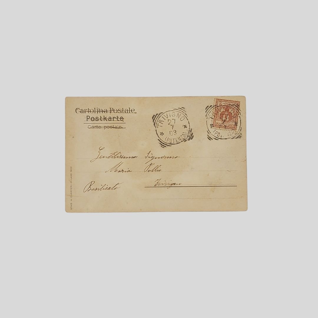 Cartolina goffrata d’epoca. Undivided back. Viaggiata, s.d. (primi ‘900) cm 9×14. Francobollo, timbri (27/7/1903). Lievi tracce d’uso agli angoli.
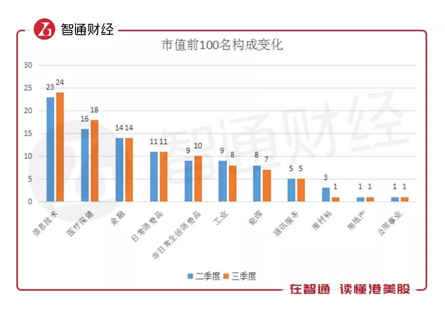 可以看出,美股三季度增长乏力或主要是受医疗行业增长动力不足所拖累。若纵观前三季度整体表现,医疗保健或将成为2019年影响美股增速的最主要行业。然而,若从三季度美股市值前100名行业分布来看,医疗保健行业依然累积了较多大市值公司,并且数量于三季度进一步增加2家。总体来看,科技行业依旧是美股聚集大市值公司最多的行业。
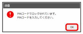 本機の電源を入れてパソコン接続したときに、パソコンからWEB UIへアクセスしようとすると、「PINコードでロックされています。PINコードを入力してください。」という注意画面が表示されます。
==
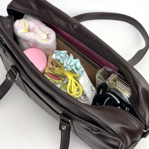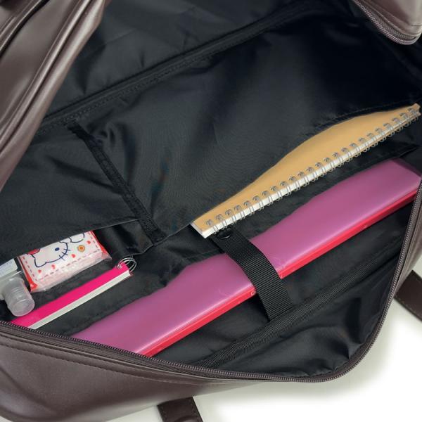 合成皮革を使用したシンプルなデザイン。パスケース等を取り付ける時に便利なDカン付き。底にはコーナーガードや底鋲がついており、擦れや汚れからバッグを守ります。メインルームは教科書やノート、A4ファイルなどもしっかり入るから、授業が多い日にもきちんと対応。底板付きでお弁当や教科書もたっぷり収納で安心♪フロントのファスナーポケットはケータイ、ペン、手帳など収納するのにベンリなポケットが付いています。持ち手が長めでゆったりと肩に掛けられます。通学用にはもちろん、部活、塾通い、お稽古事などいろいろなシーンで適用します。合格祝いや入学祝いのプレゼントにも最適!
---
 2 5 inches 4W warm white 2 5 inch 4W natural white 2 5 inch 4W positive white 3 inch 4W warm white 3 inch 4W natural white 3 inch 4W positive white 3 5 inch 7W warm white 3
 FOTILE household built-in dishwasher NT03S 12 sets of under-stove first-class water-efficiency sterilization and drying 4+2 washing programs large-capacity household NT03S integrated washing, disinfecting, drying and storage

Task | Give the exact lines, and only those, from the line containing "2 5 inches 4W" through the line containing "FOTILE household built-in" in the entries above.

Solved exercise |
 2 5 inches 4W warm white 2 5 inch 4W natural white 2 5 inch 4W positive white 3 inch 4W warm white 3 inch 4W natural white 3 inch 4W positive white 3 5 inch 7W warm white 3
 FOTILE household built-in dishwasher NT03S 12 sets of under-stove first-class water-efficiency sterilization and drying 4+2 washing programs large-capacity household NT03S integrated washing, disinfecting, drying and storage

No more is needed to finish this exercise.